*EXTRACTED ENTRIES:*
===

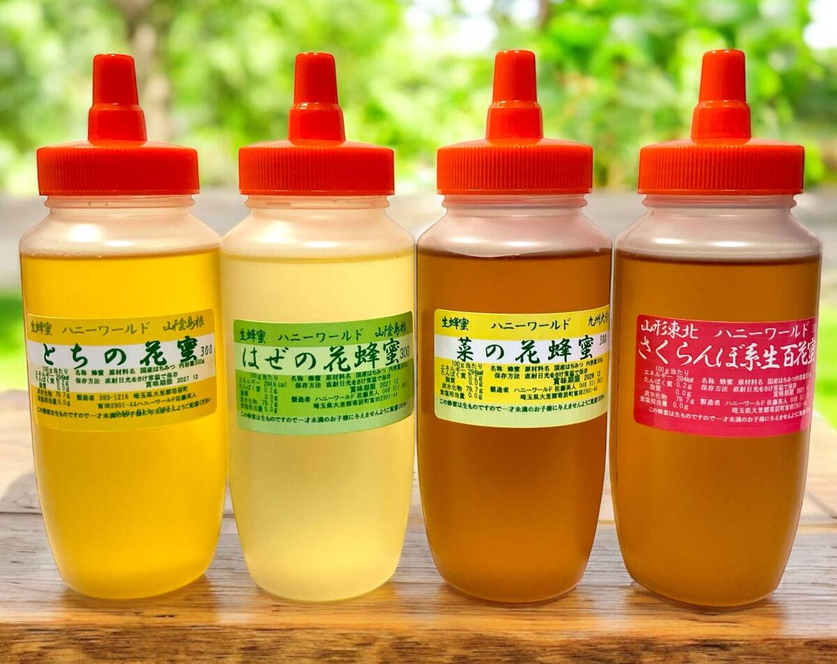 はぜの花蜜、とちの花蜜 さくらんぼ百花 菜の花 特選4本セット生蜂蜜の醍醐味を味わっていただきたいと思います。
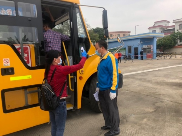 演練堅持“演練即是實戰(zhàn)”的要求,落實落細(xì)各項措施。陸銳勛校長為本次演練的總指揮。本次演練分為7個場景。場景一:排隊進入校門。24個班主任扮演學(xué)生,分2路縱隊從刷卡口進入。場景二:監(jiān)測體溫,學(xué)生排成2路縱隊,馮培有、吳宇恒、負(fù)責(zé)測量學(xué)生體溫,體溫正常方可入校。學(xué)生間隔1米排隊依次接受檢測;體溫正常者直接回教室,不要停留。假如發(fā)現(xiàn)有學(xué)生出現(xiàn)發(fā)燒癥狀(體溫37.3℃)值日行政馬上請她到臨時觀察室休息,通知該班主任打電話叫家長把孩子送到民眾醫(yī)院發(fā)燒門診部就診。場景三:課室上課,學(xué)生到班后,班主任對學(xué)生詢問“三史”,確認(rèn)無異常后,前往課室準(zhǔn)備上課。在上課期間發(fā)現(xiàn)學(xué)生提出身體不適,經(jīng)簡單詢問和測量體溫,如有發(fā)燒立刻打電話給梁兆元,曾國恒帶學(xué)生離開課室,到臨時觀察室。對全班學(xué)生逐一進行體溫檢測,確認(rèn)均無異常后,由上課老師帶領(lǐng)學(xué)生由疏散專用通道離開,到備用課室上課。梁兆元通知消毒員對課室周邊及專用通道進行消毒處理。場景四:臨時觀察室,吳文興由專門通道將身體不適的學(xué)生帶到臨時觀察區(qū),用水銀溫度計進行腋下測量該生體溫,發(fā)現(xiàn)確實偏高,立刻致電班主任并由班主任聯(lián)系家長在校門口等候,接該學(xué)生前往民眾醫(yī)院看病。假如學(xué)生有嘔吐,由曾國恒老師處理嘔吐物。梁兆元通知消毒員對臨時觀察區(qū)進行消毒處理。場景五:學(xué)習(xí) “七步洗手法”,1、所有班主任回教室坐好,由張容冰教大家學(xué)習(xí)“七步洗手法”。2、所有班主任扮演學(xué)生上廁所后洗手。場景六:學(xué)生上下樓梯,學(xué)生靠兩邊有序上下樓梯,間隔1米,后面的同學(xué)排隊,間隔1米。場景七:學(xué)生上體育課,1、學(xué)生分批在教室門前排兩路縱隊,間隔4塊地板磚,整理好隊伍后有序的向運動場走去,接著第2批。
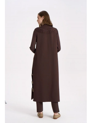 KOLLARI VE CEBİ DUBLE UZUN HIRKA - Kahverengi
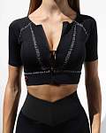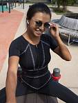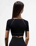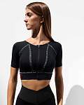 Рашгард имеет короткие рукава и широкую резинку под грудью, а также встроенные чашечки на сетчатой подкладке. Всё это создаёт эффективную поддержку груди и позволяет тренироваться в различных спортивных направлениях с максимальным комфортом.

===

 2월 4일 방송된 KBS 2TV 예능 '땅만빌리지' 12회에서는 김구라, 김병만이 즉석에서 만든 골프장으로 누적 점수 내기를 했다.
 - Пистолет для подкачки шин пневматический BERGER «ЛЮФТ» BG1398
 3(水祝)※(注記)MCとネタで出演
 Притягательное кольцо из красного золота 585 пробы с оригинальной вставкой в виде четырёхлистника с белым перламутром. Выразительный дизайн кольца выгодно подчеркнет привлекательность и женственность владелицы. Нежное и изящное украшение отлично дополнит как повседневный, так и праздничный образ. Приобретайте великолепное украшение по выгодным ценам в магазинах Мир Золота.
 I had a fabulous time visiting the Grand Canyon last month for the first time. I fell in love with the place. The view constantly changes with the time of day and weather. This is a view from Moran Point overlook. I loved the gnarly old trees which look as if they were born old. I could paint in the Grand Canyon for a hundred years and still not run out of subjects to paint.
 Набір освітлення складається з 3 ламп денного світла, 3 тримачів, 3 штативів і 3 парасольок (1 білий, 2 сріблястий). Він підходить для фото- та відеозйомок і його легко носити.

===

*EXERCISE AIM:*
In the data above, start at the line that has "3(水祝)※(注記)MCとネタで出演", stop after the line that has "Набір освітлення складається", and print every line in between exactly as it stands.

*SOLUTION FOR THIS TASK:*
 3(水祝)※(注記)MCとネタで出演
 Притягательное кольцо из красного золота 585 пробы с оригинальной вставкой в виде четырёхлистника с белым перламутром. Выразительный дизайн кольца выгодно подчеркнет привлекательность и женственность владелицы. Нежное и изящное украшение отлично дополнит как повседневный, так и праздничный образ. Приобретайте великолепное украшение по выгодным ценам в магазинах Мир Золота.
 I had a fabulous time visiting the Grand Canyon last month for the first time. I fell in love with the place. The view constantly changes with the time of day and weather. This is a view from Moran Point overlook. I loved the gnarly old trees which look as if they were born old. I could paint in the Grand Canyon for a hundred years and still not run out of subjects to paint.
 Набір освітлення складається з 3 ламп денного світла, 3 тримачів, 3 штативів і 3 парасольок (1 білий, 2 сріблястий). Він підходить для фото- та відеозйомок і його легко носити.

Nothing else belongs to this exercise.